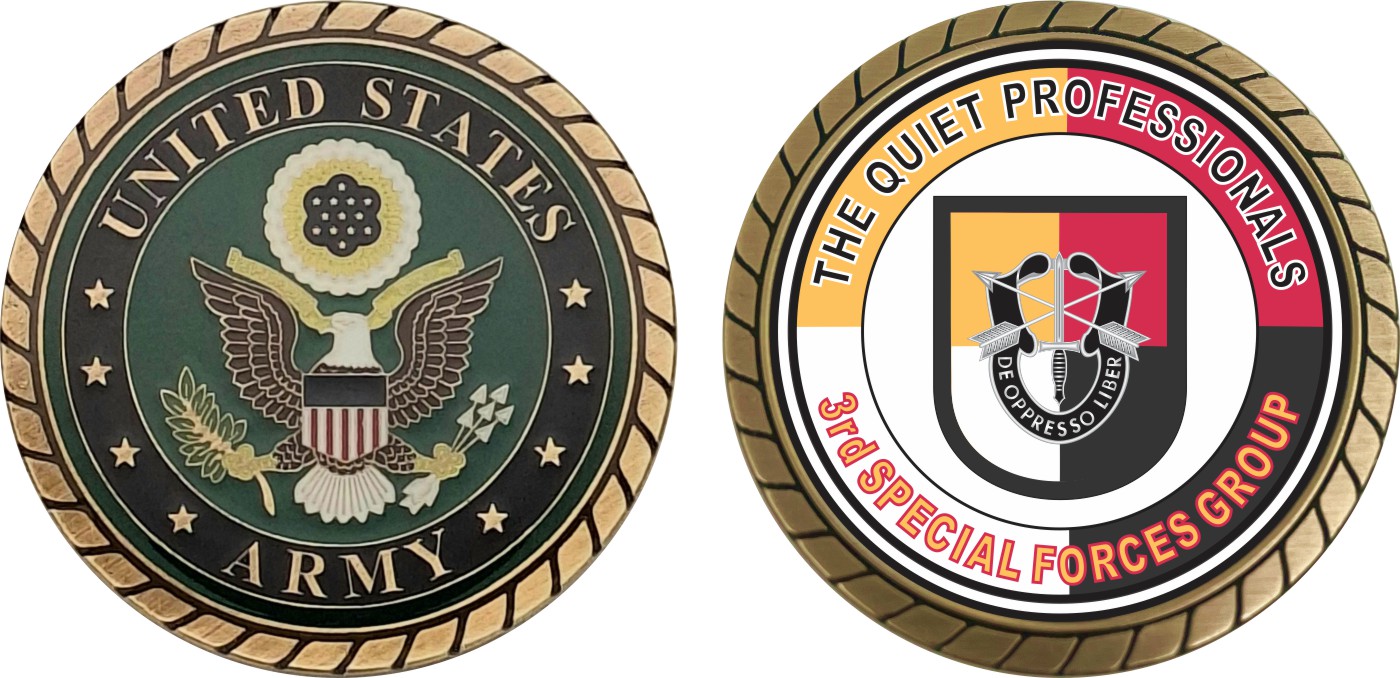 This 1 3/4” U.S. Army 3rd Special Forces Group Quiet Professionals Challenge Coin is proudly offered by Militarybest. This Officially Licensed Army coin has beautiful enamel finish on one side and an organized crisp clean design on the opposite side.
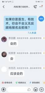 此次疫情,无数医护人员勇敢地站出来,当起了人民群众的保护神,用生命诠释医学生的责任,这本身就是一部生动的职业道德教育活教材。想到这一点,在开学前几天,邱老师利用短视频和学生“见面”,鼓励学生向奋战在一线的医护人员学习,把责任和使命牢牢刻在心里。
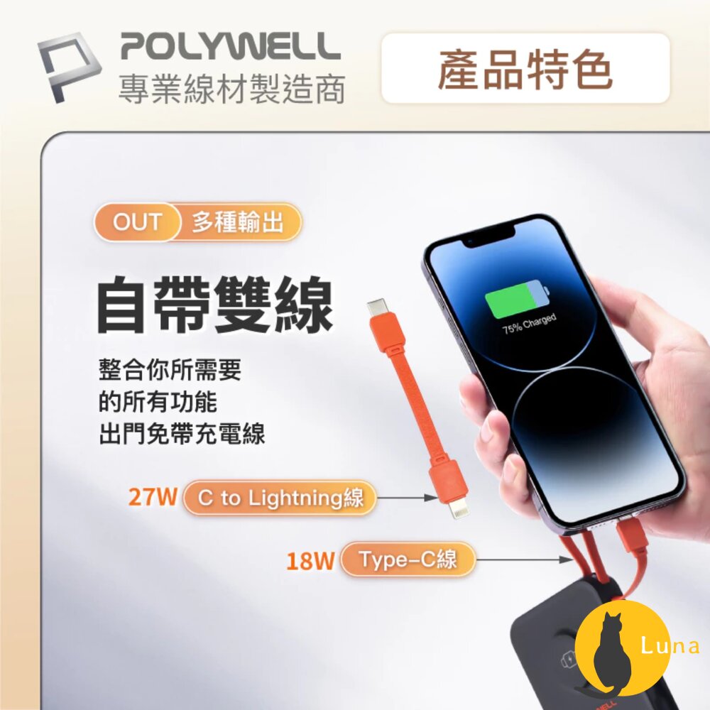 ♥【自帶雙充電線】自帶2種充電頭/充電線:Type-C, Lightning,出門可以少帶充電線

**Activity:** Your task is to repeat the data above exactly while excluding the pictures.

**Solution to the exercise:**
 This 1 3/4” U.S. Army 3rd Special Forces Group Quiet Professionals Challenge Coin is proudly offered by Militarybest. This Officially Licensed Army coin has beautiful enamel finish on one side and an organized crisp clean design on the opposite side.
 此次疫情,无数医护人员勇敢地站出来,当起了人民群众的保护神,用生命诠释医学生的责任,这本身就是一部生动的职业道德教育活教材。想到这一点,在开学前几天,邱老师利用短视频和学生“见面”,鼓励学生向奋战在一线的医护人员学习,把责任和使命牢牢刻在心里。
 ♥【自帶雙充電線】自帶2種充電頭/充電線:Type-C, Lightning,出門可以少帶充電線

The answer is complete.